- [Required work]: Below are the entries. Print only the lines starting at the one with "Faire-part de mariage" and ending at the one with "alte Ansichtskarte, gelaufen", exactly, with no pictures.

[Data extracted from a collection]

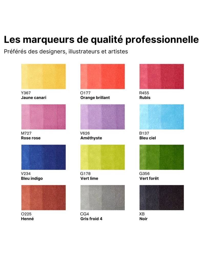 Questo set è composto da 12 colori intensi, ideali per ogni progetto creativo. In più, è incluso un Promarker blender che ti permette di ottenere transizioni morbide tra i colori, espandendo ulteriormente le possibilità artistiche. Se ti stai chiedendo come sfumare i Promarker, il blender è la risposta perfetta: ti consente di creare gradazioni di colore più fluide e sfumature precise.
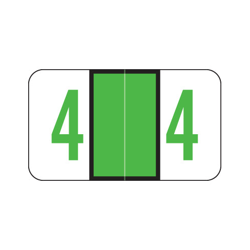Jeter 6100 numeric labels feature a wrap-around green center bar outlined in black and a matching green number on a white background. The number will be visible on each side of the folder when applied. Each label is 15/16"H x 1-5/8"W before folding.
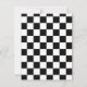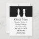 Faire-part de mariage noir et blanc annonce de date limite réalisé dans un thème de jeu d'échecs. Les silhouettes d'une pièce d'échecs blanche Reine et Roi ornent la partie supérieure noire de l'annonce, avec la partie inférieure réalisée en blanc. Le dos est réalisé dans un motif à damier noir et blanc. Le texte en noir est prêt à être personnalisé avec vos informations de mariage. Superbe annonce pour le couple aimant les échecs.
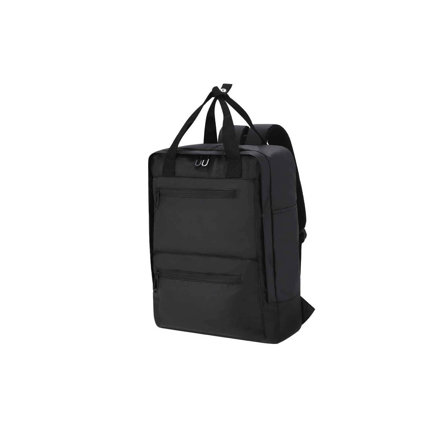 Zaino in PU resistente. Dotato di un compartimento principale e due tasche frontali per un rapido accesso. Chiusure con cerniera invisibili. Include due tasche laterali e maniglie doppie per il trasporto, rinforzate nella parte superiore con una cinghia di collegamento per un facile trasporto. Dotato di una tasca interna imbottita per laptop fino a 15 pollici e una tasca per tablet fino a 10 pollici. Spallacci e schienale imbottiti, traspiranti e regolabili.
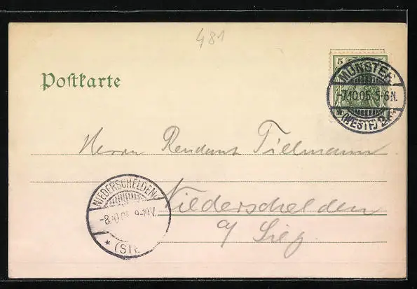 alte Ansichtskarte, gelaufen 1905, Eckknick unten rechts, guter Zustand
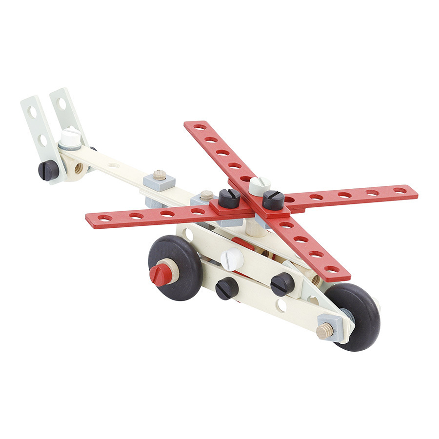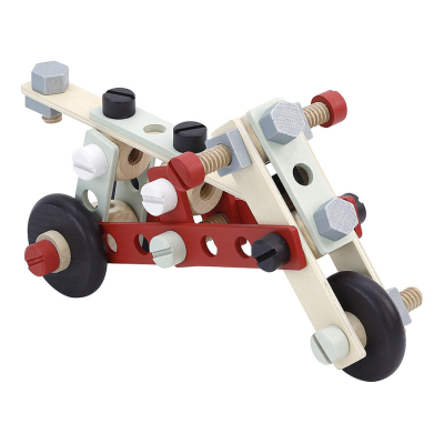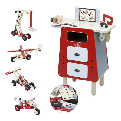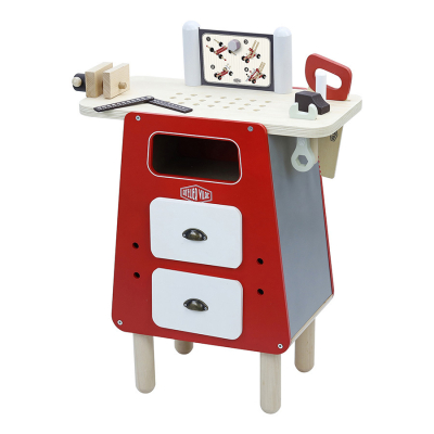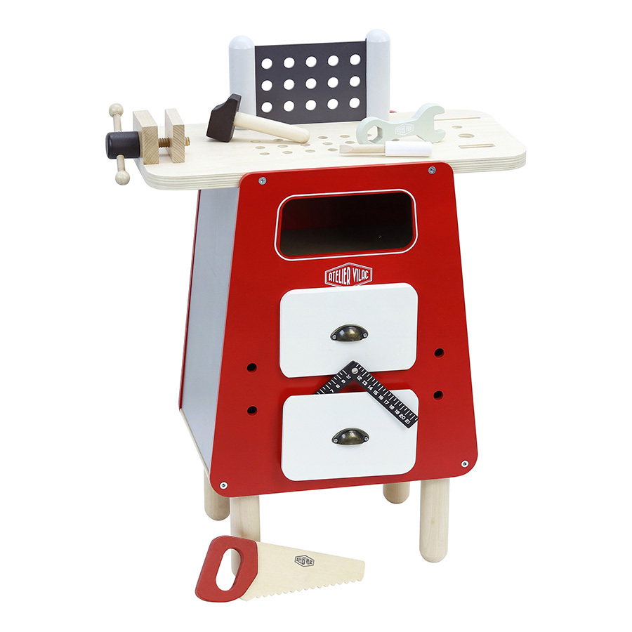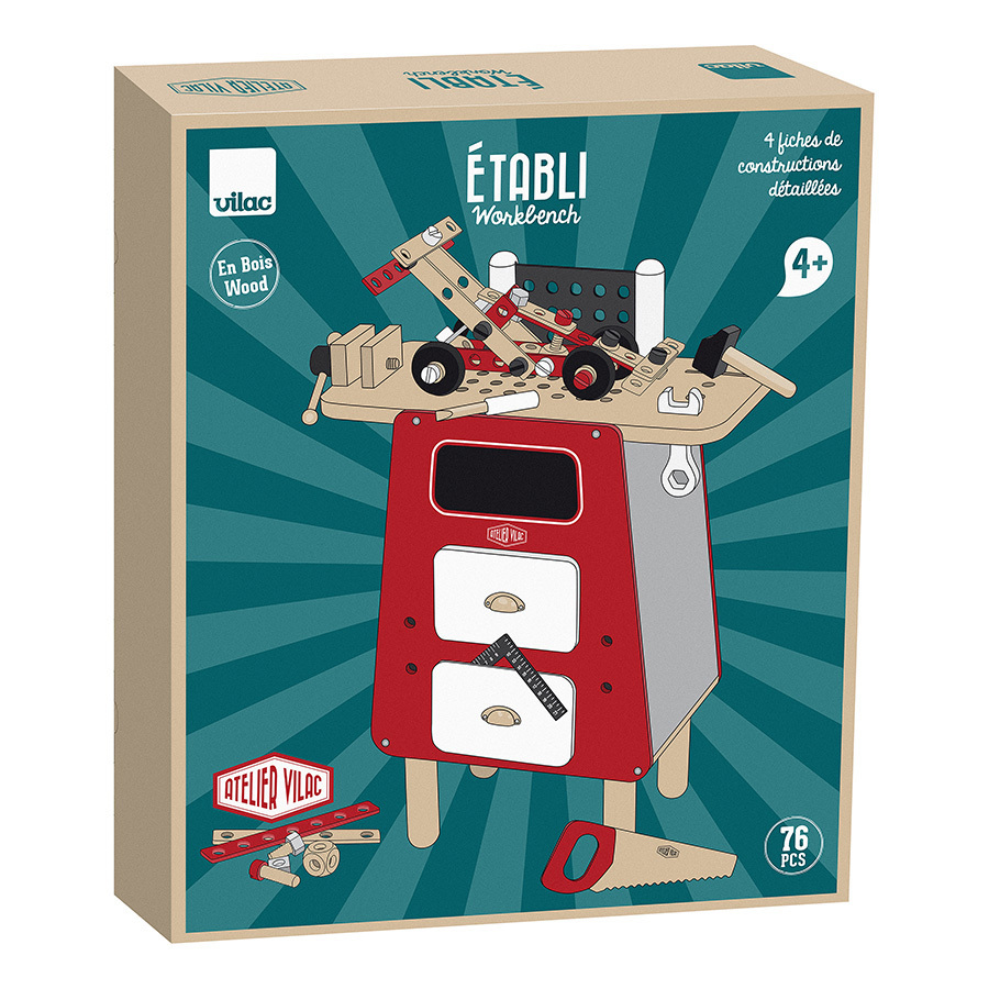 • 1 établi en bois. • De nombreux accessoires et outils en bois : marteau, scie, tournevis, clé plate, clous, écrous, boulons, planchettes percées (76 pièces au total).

- [Solution to this task]:
 Faire-part de mariage noir et blanc annonce de date limite réalisé dans un thème de jeu d'échecs. Les silhouettes d'une pièce d'échecs blanche Reine et Roi ornent la partie supérieure noire de l'annonce, avec la partie inférieure réalisée en blanc. Le dos est réalisé dans un motif à damier noir et blanc. Le texte en noir est prêt à être personnalisé avec vos informations de mariage. Superbe annonce pour le couple aimant les échecs.
 Zaino in PU resistente. Dotato di un compartimento principale e due tasche frontali per un rapido accesso. Chiusure con cerniera invisibili. Include due tasche laterali e maniglie doppie per il trasporto, rinforzate nella parte superiore con una cinghia di collegamento per un facile trasporto. Dotato di una tasca interna imbottita per laptop fino a 15 pollici e una tasca per tablet fino a 10 pollici. Spallacci e schienale imbottiti, traspiranti e regolabili.
 alte Ansichtskarte, gelaufen 1905, Eckknick unten rechts, guter Zustand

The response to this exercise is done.